— Problem statement —
All lines in the records below from the line with "今回の解説では、下の図の2." through the line with "インド刺繍リボン ハンドストラップ スマホストラップ ブラックシルバー" are to be given again exactly, both ends included; the pictures are to be left out.
==========
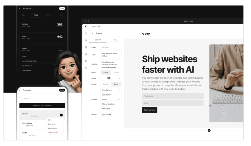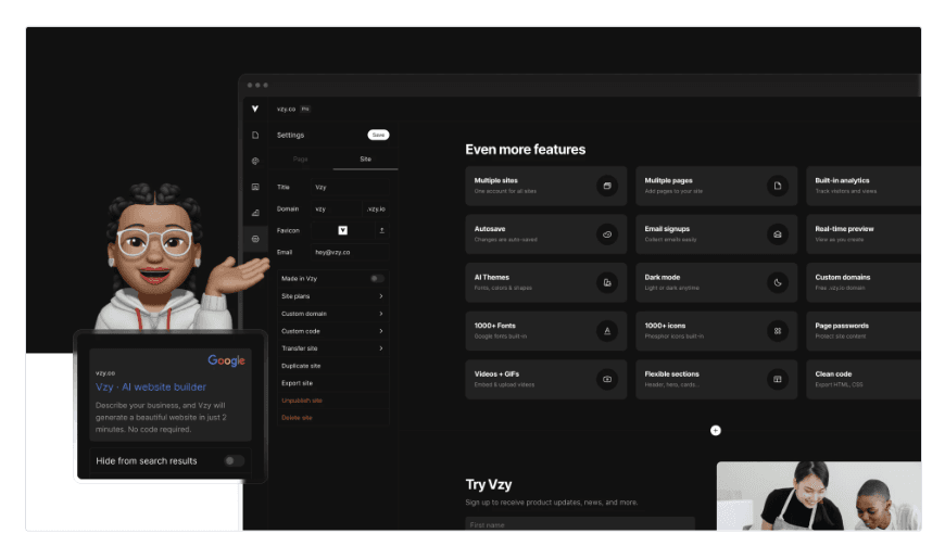Enter Vzy, an AI-powered website builder that goes beyond simply building a site to creating a work of digital art. It’s the tool you didn’t know you were missing, with cutting-edge functionality and an easy-to-use UI.
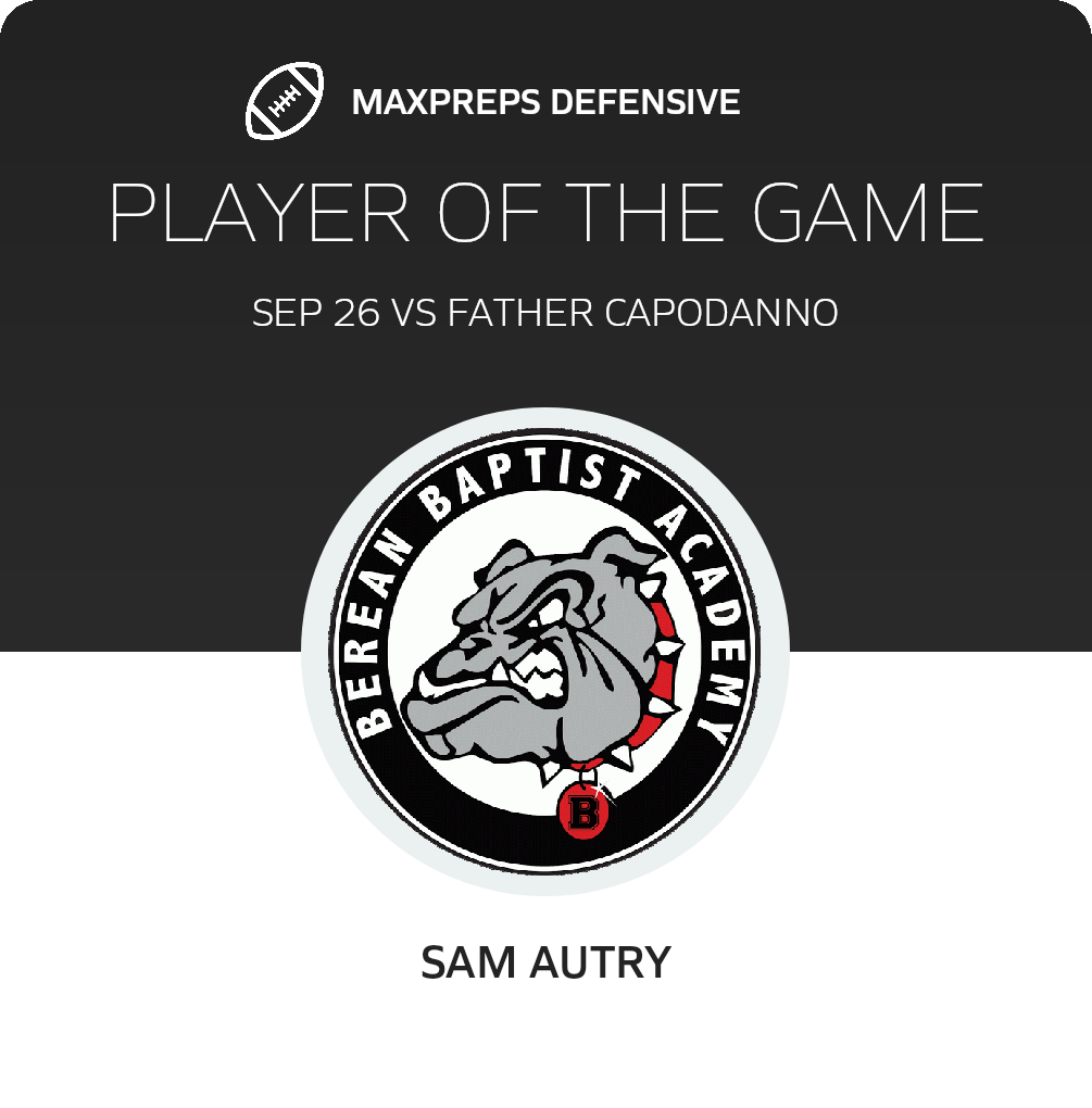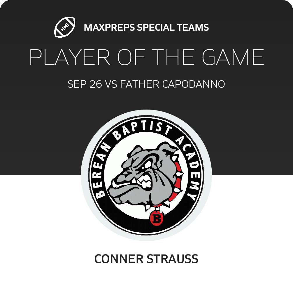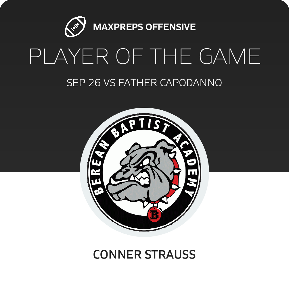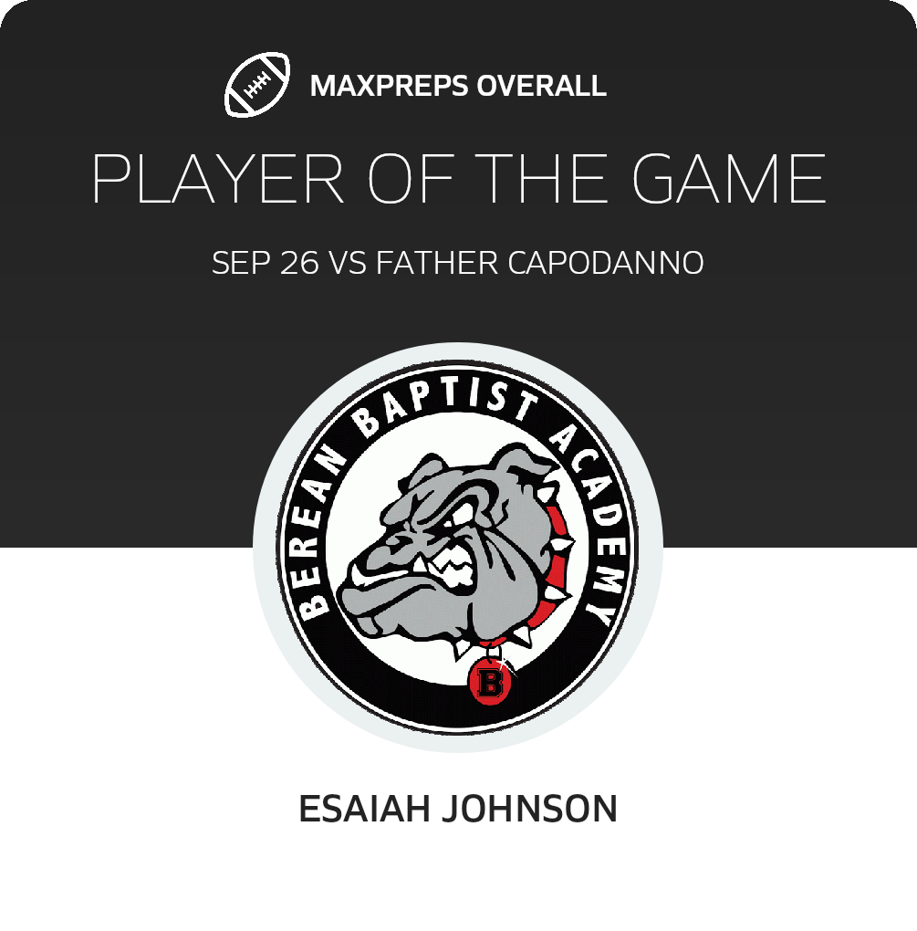September 26, 2025: Fayetteville, NC 28314 In Friday's league outing, the Father Capodanno Grunts (Vass, NC) football squad knocked off the host Berean Baptist Academy Bulldogs (Fayetteville, NC), by a margin of 34-20.
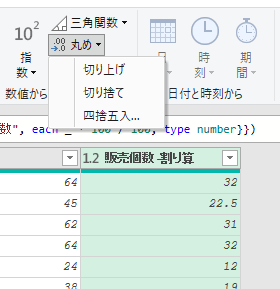 今回の解説では、下の図の2.の解説で2で割り算をした列を「切り上げ」処理をしてみます
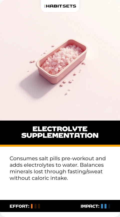 Consumes salt pills pre-workout and adds electrolytes to water. Balances minerals lost through fasting/sweat without caloric intake.
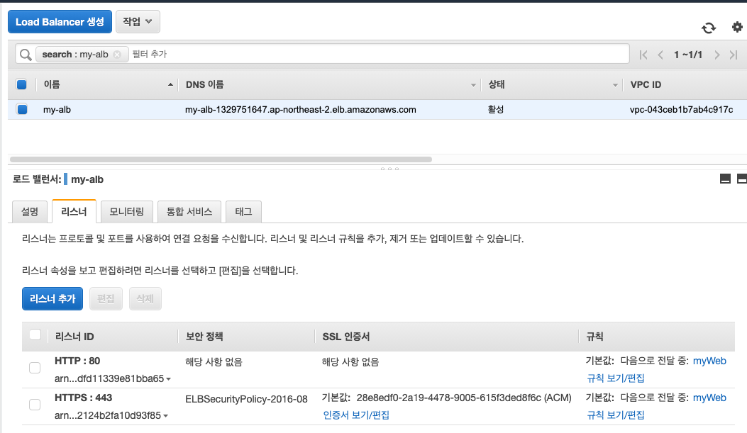 https 443 리스너 설정이 완료 되었다면, 아래와 같이 지정한 타겟그룹으로 변경하도록 되어있을텐데요!
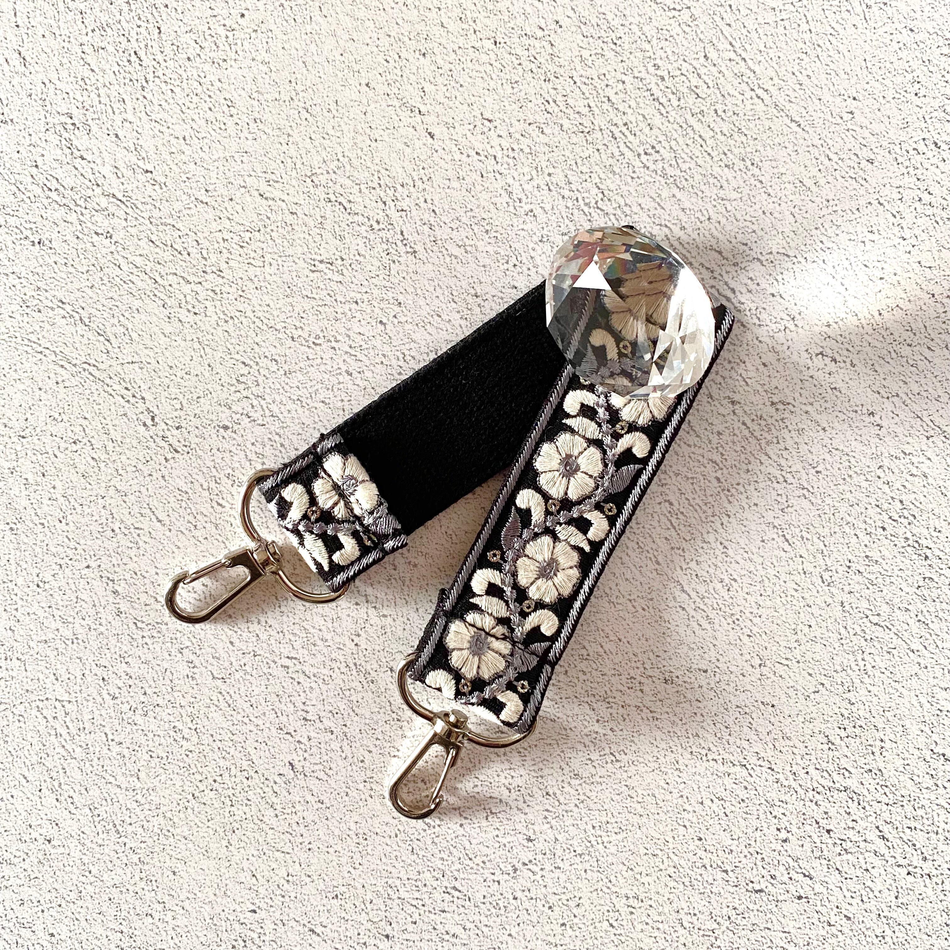 インド刺繍リボン ハンドストラップ スマホストラップ ブラックシルバー
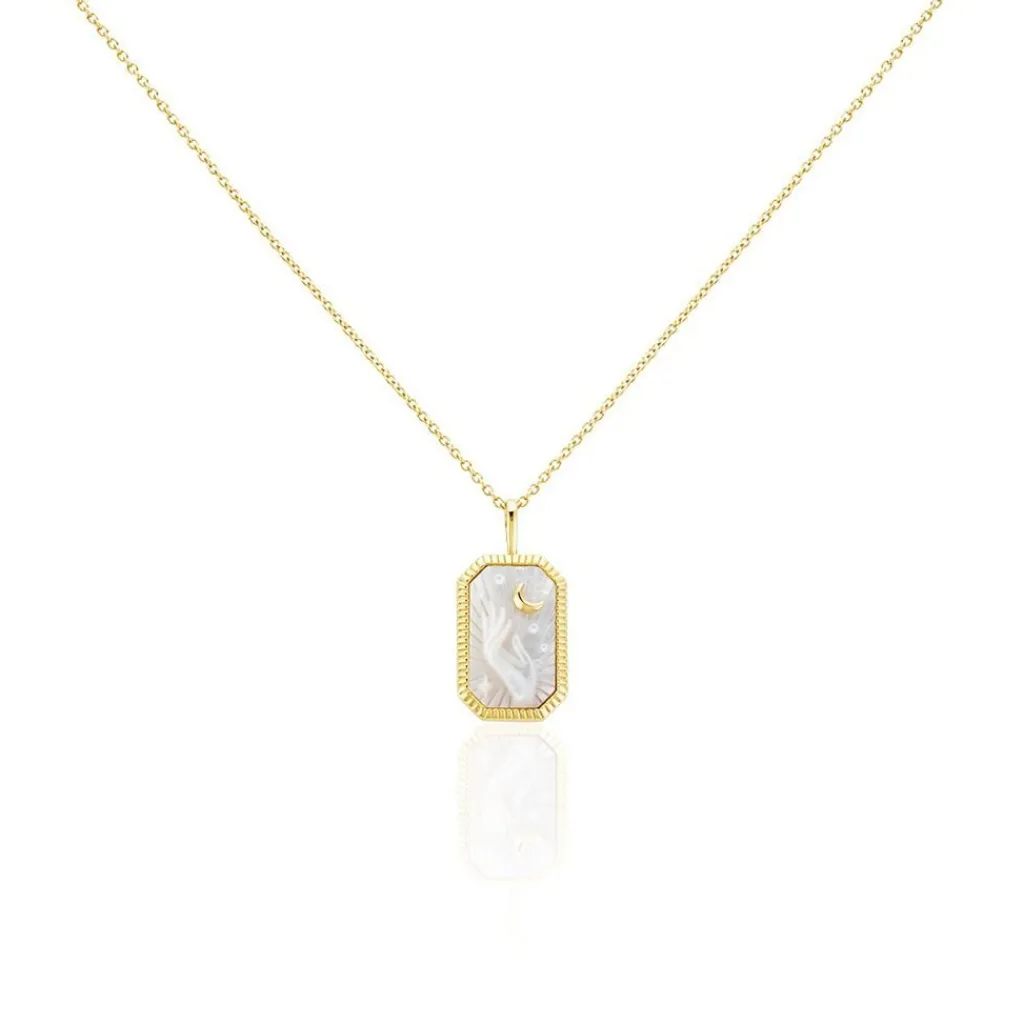 Collier Argent Doré 925/1000 Plaque Rectangulaire Nacre Blanche Gravure Theme Astral Maille Forçat 45cm
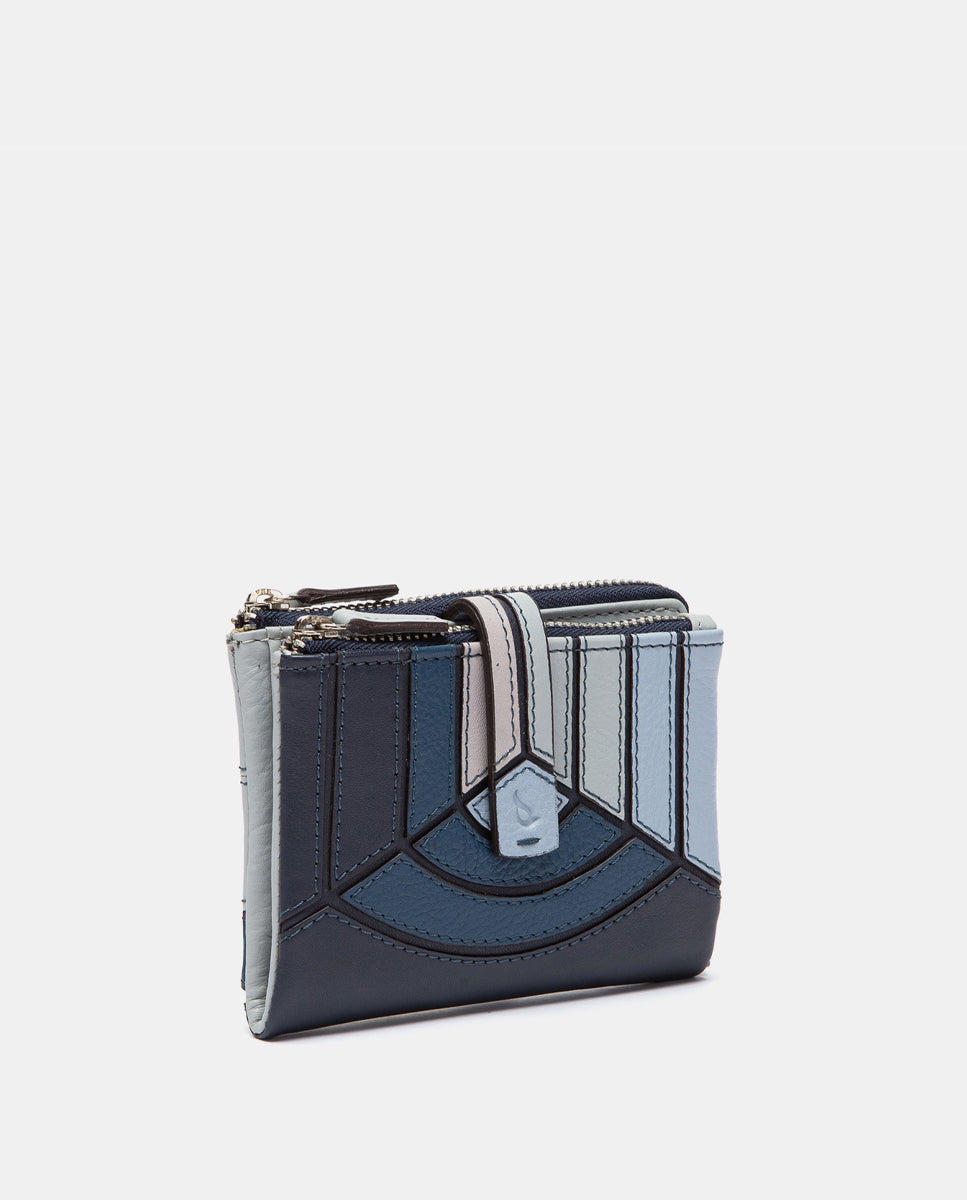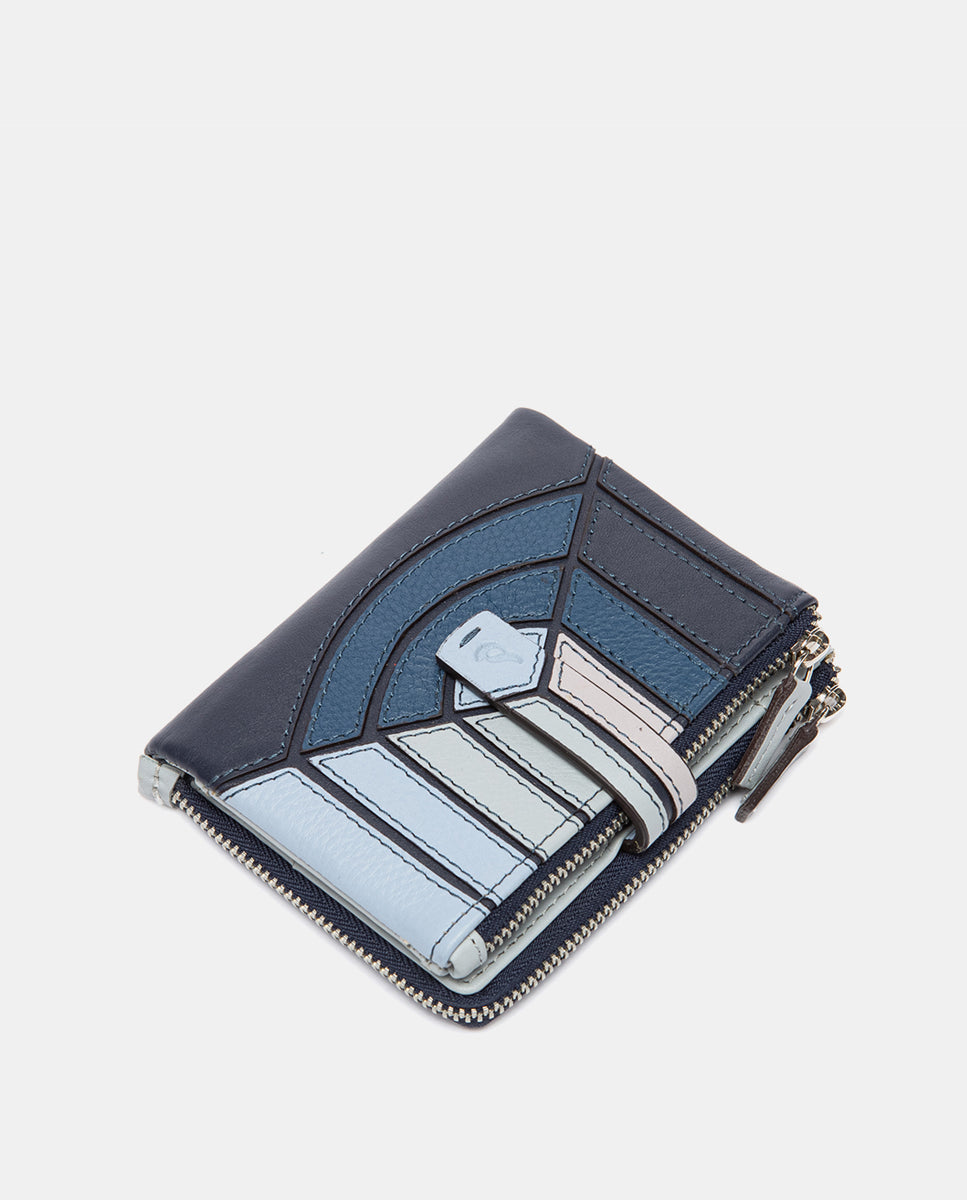 Cartera pequeña de piel con diseño de patchwork en cortes geométricos, cuidadosamente ensamblados para crear una composición única y artesanal. Sus principales características son:
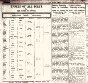 The affiliation of The Japan Advertiser and The Japan Times with the Karuizawa International Tennis Tournament meant that it was given significant play in their respective pages — a fact of great importance to tennis historians today.
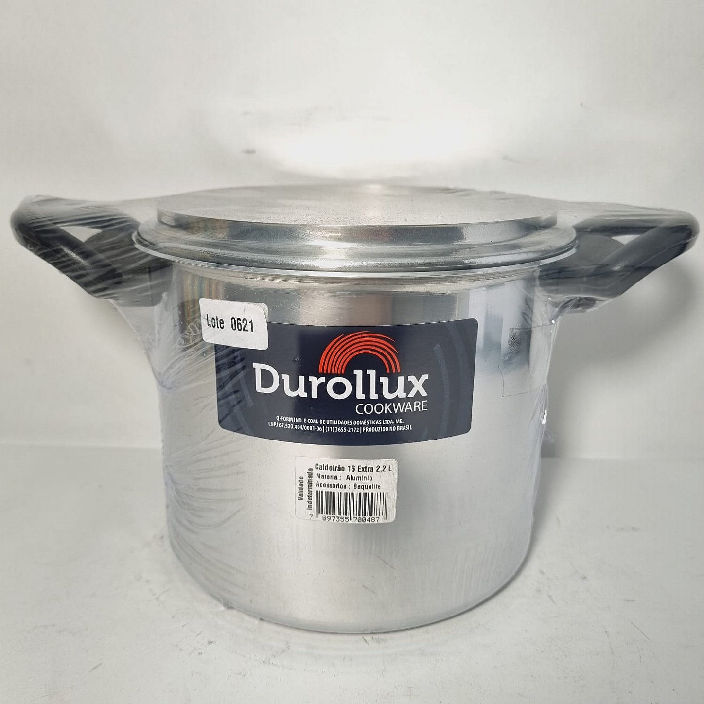 O Caldeirão 16 Extra DUROLLUX ALUMINIUM é a escolha ideal para quem busca praticidade e eficiência no preparo de suas receitas favoritas. Este caldeirão de alumínio da DUROLLUX ALUMINIUM, com capacidade de 2,2 litros e diâmetro de 16 cm, é um utensílio essencial para sua cozinha. Fabricado em alumínio de alta qualidade e com acabamento EXTRA, garante durabilidade e resistência, proporcionando um cozimento uniforme para diversos pratos. Seu design funcional inclui alças robustas para um manuseio seguro, tornando-o perfeito para o dia a dia e para o preparo de refeições em família.
==========
— Result below —
 今回の解説では、下の図の2.の解説で2で割り算をした列を「切り上げ」処理をしてみます
 Consumes salt pills pre-workout and adds electrolytes to water. Balances minerals lost through fasting/sweat without caloric intake.
 https 443 리스너 설정이 완료 되었다면, 아래와 같이 지정한 타겟그룹으로 변경하도록 되어있을텐데요!
 インド刺繍リボン ハンドストラップ スマホストラップ ブラックシルバー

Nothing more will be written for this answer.